We use the notation of Nei 1987. That notation was for loci with \(m\) alleles, but in our case we only have two alleles, so m=2.

  • Within population observed heterozygosity \(\hat{h}_o\) for a locus with \(m\) alleles is defined as:
    \(\hat{h}_o= 1-\sum_{k=1}^{s} \sum_{i=1}^{m} \hat{X}_{kii}/s\)
    where
    \(\hat{X}_{kii}\) represents the proportion of homozygote \(i\) in the sample for the \(k\)th population and
    \(s\) the number of populations,
    following equation 7.38 in Nei(1987) on pp.164.

  • Within population expected heterozygosity (gene diversity) \(\hat{h}_s\) for a locus with \(m\) alleles is defined as:
    \(\hat{h}_s=(\tilde{n}/(\tilde{n}-1))[1-\sum_{i=1}^{m}\bar{\hat{x}_i^2}-\hat{h}_o/2\tilde{n}]\)
    where
    \(\tilde{n}=s/\sum_k 1/n_k\) (i.e the harmonic mean of \(n_k\)) and
    \(\bar{\hat{x}_i^2}=\sum_k \hat{x}_{ki}^2/s\)
    following equation 7.39 in Nei(1987) on pp.164.

  • Total heterozygosity (total gene diversity) \(\hat{h}_t\) for a locus with \(m\) alleles is defined as:
    \(\hat{h}_t = 1-\sum_{i=1}^{m} \bar{\hat{x}_i^2} + \hat{h}_s/(\tilde{n}s) - \hat{h}_o/(2\tilde{n}s)\)
    where
    \(\hat{x}_i=\sum_k \hat{x}_{ki}/s\)
    following equation 7.40 in Nei(1987) on pp.164.

  • The amount of gene diversity among samples \(D_{ST}\) is defined as:
    \(D_{ST} = \hat{h}_t - \hat{h}_s\)
    following the equation provided in the text at the top of page 165 in Nei(1987).

  • The corrected amount of gene diversity among samples \(D'_{ST}\) is defined as:
    \(D'_{ST} = (s/(s-1))D'_{ST}\)
    following the equation provided in the text at the top of page 165 in Nei(1987).

  • Total corrected heterozygosity (total gene diversity) \(\hat{h}_t\) is defined as:
    \(\hat{h'}_t = \hat{h}_s + D'_{ST}\)
    following the equation provided in the text at the top of page 165 in Nei(1987).

  • \(\hat{F}_{IS}\) is defined as:
    \(\hat{F}_{IS} = 1 - \hat{h}_o/\hat{h}_s\)
    following equation 7.41 in Nei(1987) on pp.164.

  • \(\hat{F}_{ST}\) is defined as:
    \(\hat{F}_{ST} = 1 - \hat{h}_s/\hat{h}_t = D_{ST}/\hat{h}_t\)
    following equation 7.43 in Nei(1987) on pp.165.

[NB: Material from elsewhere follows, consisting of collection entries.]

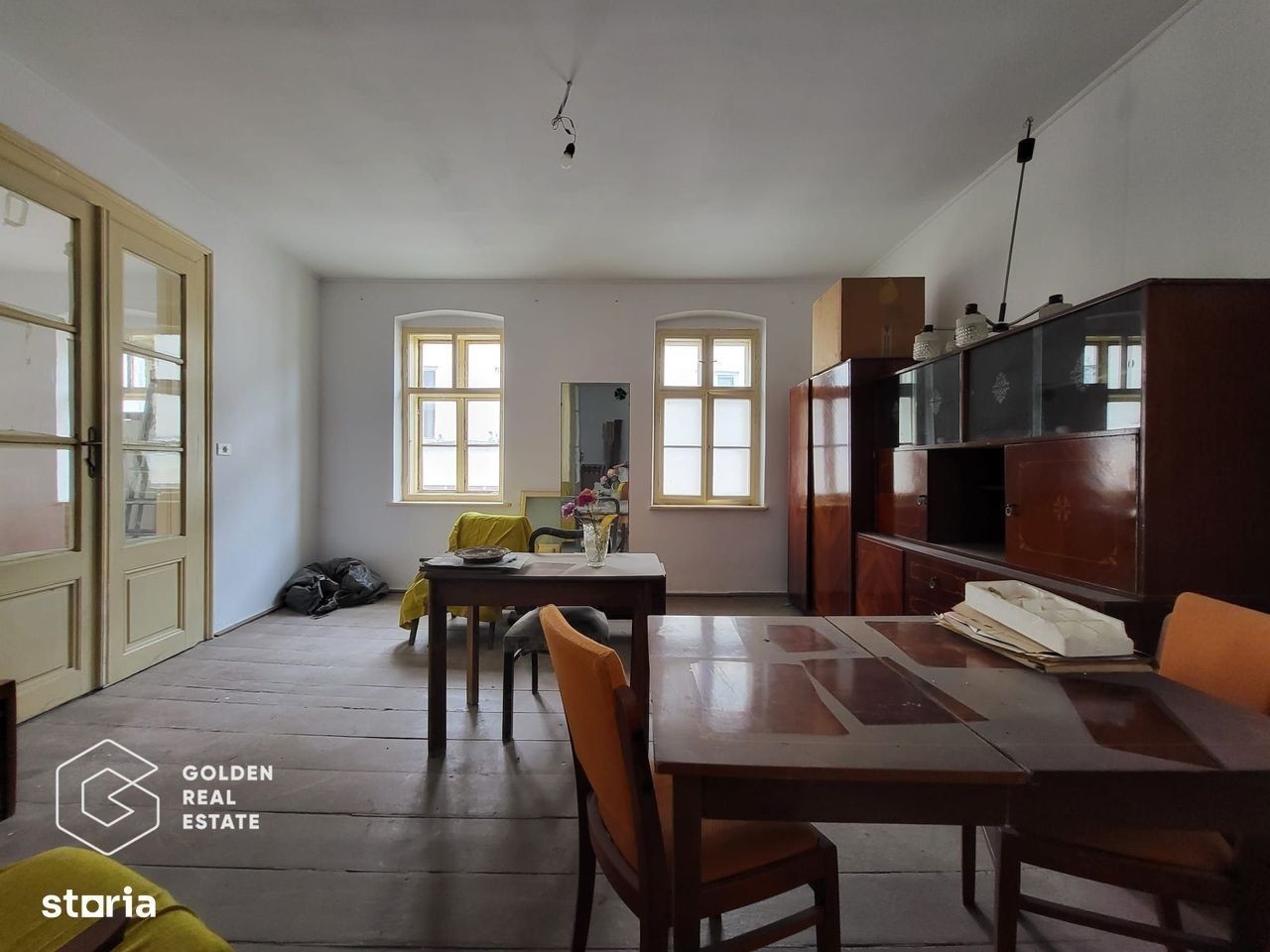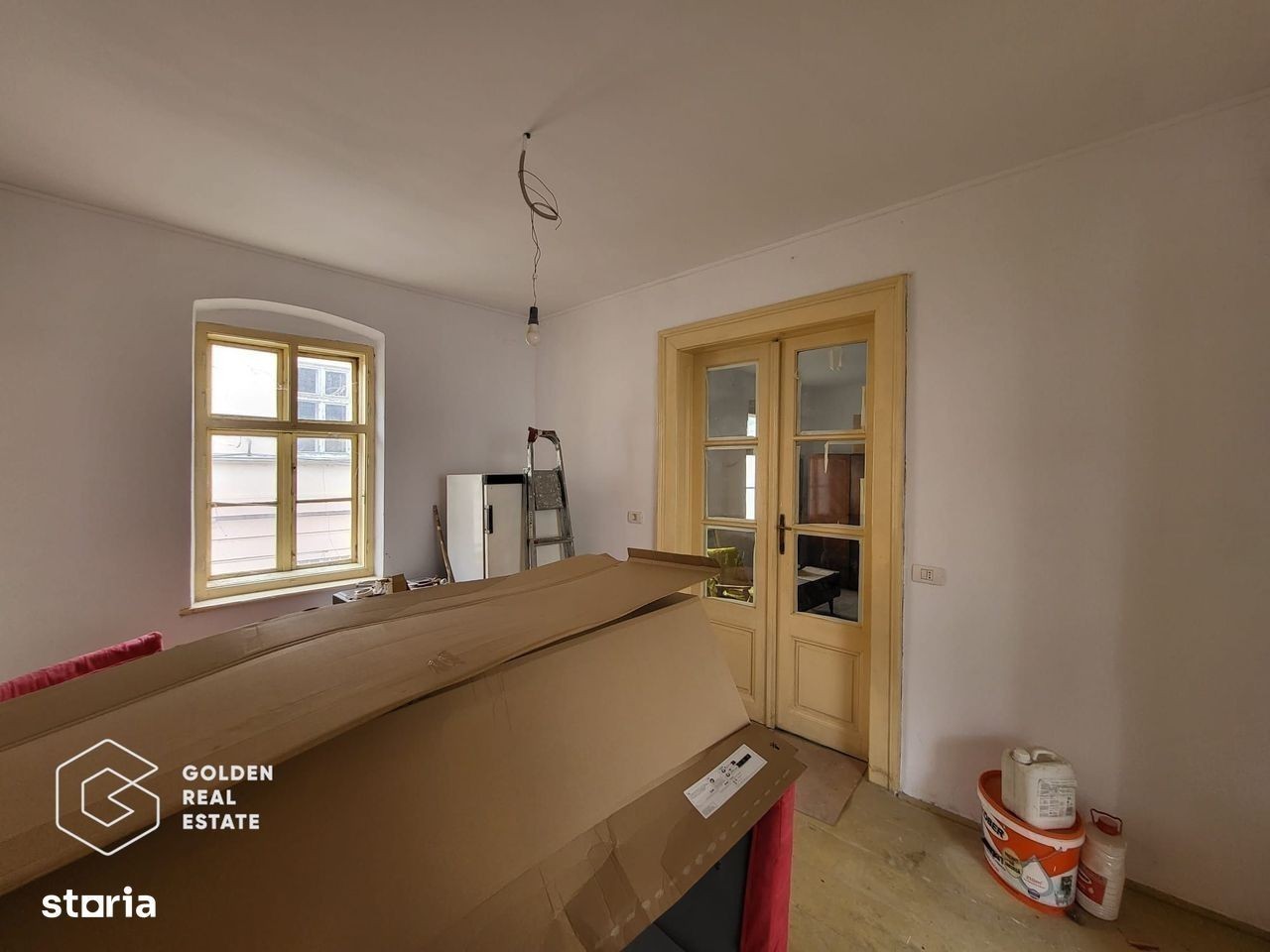ID: CP2688067 Golden Real Estate Lipova vă propune spre vânzare un apartament ultracentral cu 2 camere în localitatea Lipova, județul Arad. Acest apartament este poziționat vis a vis de Primărie, la etajul 1, într-o clădire cu arhitectură clasică de la începutul secolului XX. Apartamentul este compus din: 2 camere, bucātārie, cămară alimente, încăpere amenajată pentru baie, un hol mare care decomandeazā încăperile și casa scārii. Acest apartament a fost renovat relativ recent, are instalație electricā și sanitarā schimbatā, pereții gletuiți (la alb), geamuri și uși din lemn, podele in camere si bucătărie, gresie și faianță în bucătărie și baie, iar in camere sobe de teracotā. Apartamentul este înalt și luminos, suprafața construită este de circa 90 mp, iar utilā de circa 70 mp. Acest apartament este parțial mobilat, necesită obiecte sanitare si unele îmbunătățiri. Preț: de 46.000 euro, negociabil. Comision 0 % la vânzare. Agent exclusiv Golden Real Estate Lipova.
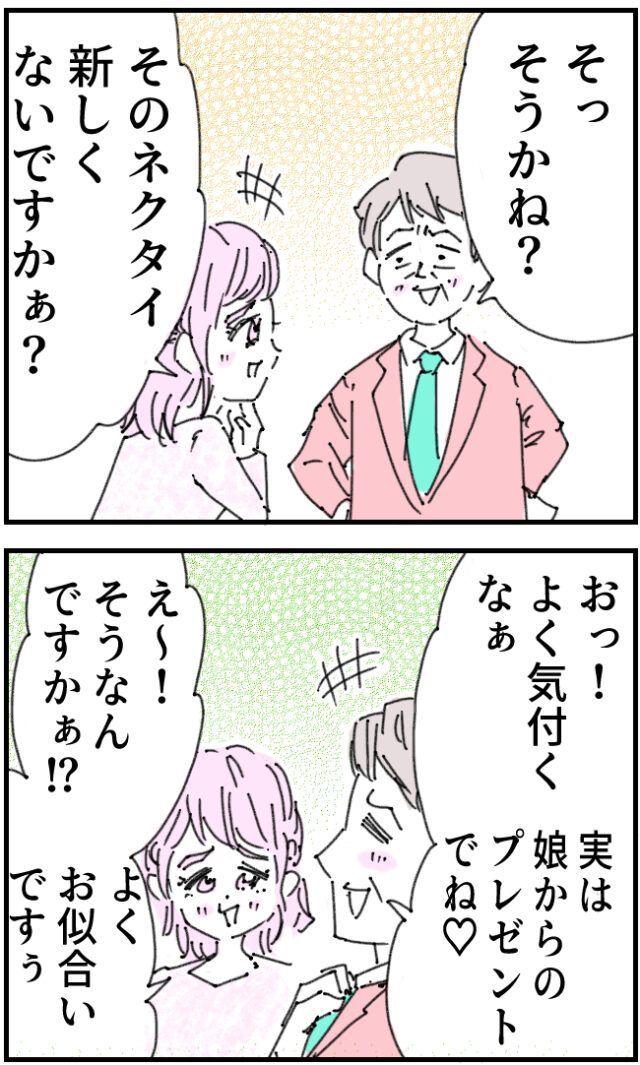 「そっ、そうかね?」なんだかうれしそうな部長、「そのネクタイ、新しくないですかぁ?」すかさず言う白石さん、「おっ!よく気づくなぁ。実は娘からのプレゼントでね(ハート)」とデレデレ状態の部長に「え~!そうなんですかぁ!?よくお似合いですぅ」と繰り返す白石さん。
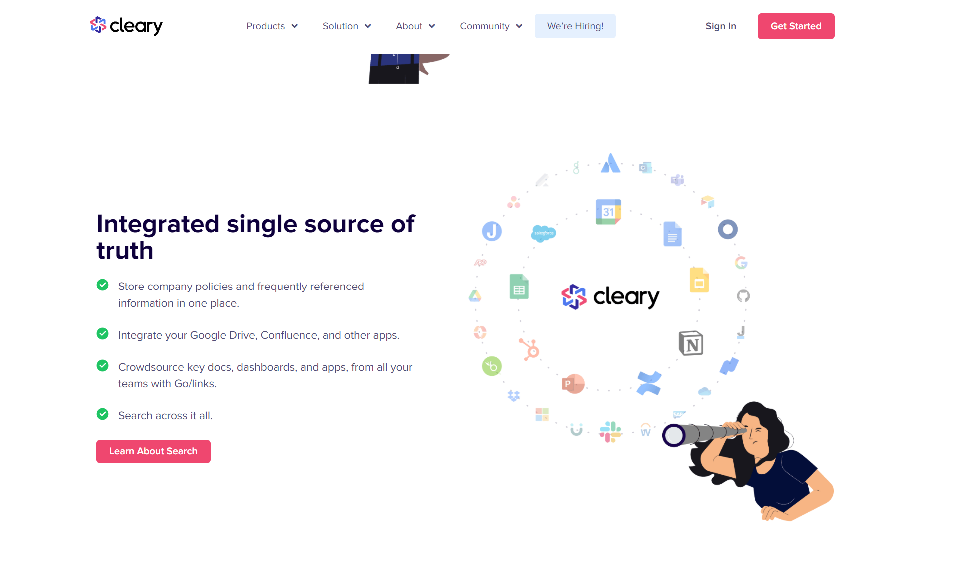 Cleary 的具体功能包括公司新闻更新、组织结构图、跨职能团队管理、内部维基、内部搜索等。Cleary 还支持可定制的员工旅程,用于入职、部门调动等,帮助人员团队节省时间并为员工提供有凝聚力的体验。
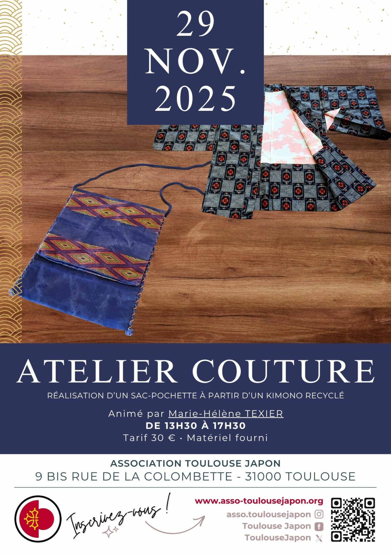 Lien pour vous inscrire : https://www.helloasso.com/associations/association-toulouse-japon/evenements/atelier-couture-29-novembre-2025
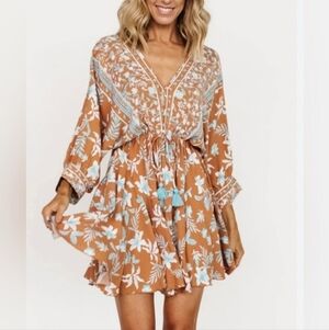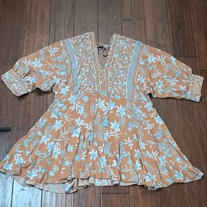 Baltic Born Adria Tan Dress with Blue & White Floral Print size Large
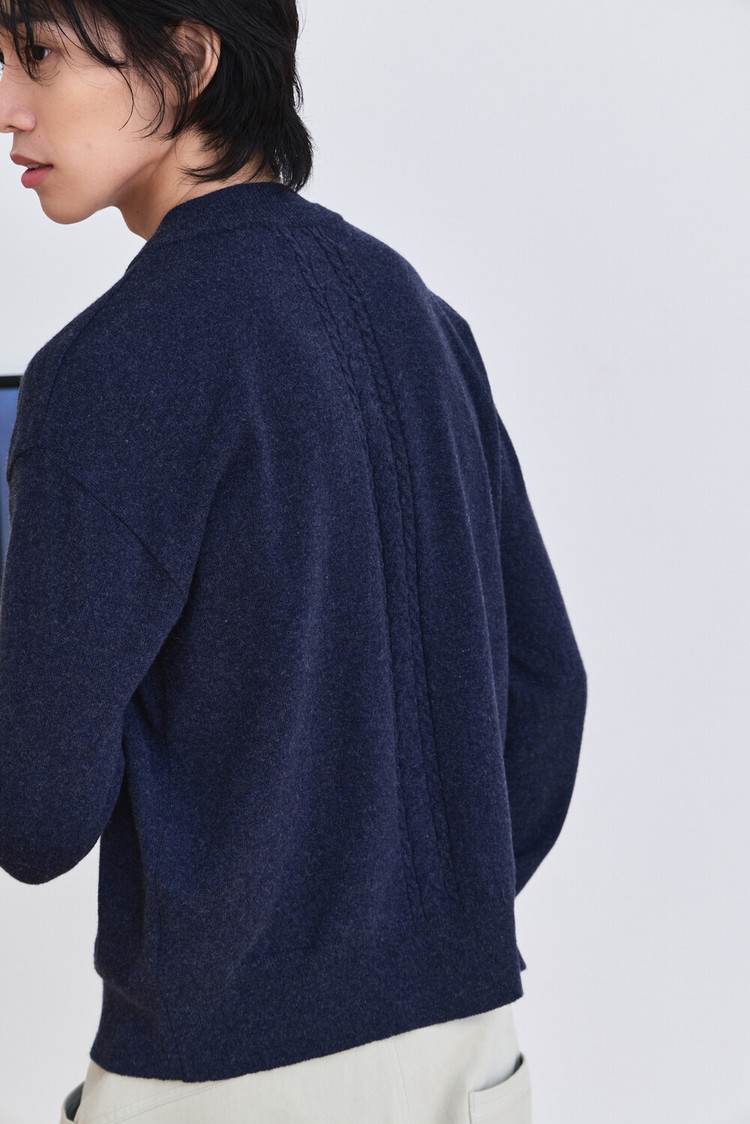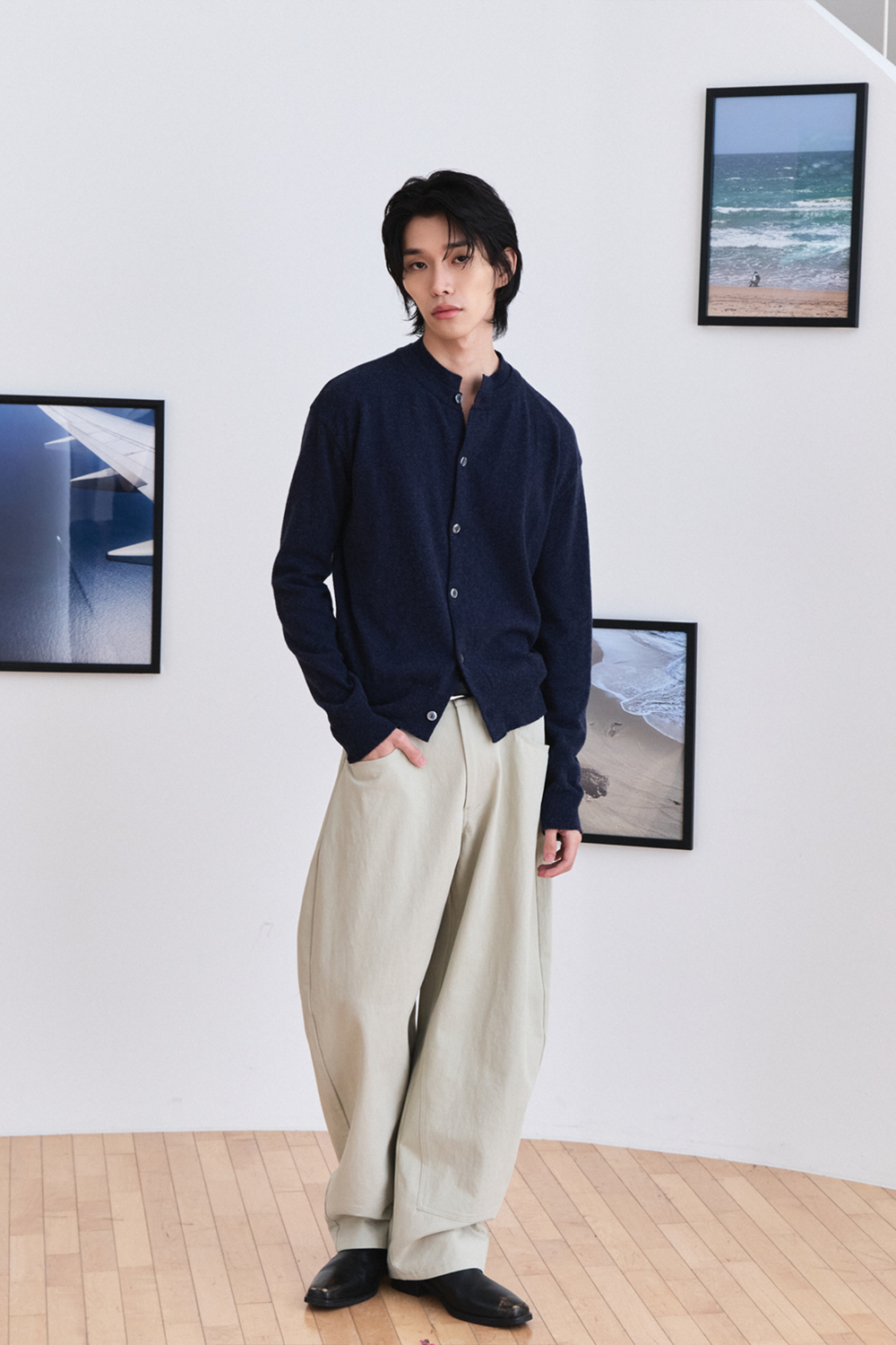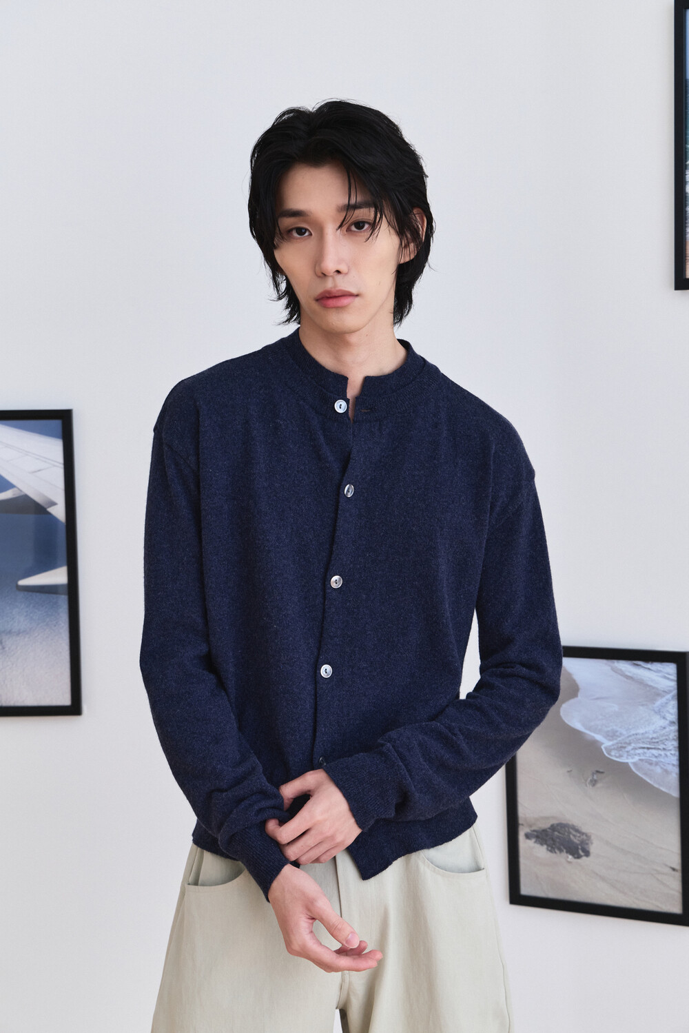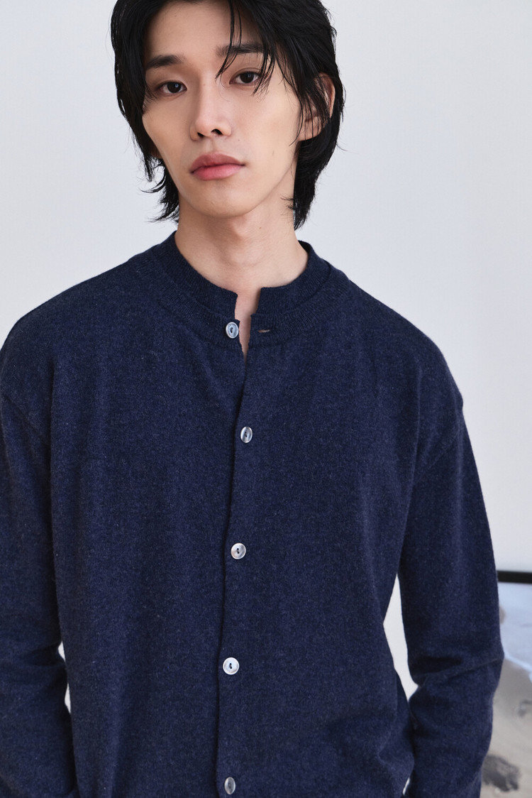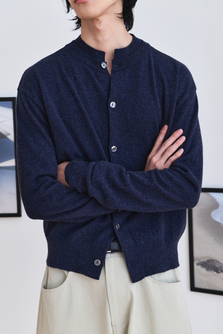 [WAVINESS] Double Frame Round Neck Cardigan Navy

  • \(\hat{F'}_{ST}\) is defined as:
    \(\hat{F'}_{ST} = D'_{ST}/\hat{h'}_t\)
    following the explanation provided in the text at the top of page 165 in Nei(1987).

  • Jost's \(\hat{D}\) is defined as:
    \(\hat{D} = (s/(s-1))((\hat{h'}_t-\hat{h}_s)/(1-\hat{h}_s))\)
    as defined by Jost(2008)

All these statistics are first computed by locus, and then averaged across loci (including any monorphic locus) to obtain genome-wide values. The function uses the same algorithm as hierfstat::basic.stats() but is optimized for speed and memory usage.

References

Nei M, Chesser R (1983) Estimation of fixation indexes and gene diversities. Annals of Human Genetics, 47, 253-259. Nei M. (1987) Molecular Evolutionary Genetics. Columbia University Press, pp. 164-165. Jost L (2008) GST and its relatives do not measure differentiation. Molecular Ecology, 17, 4015-4026.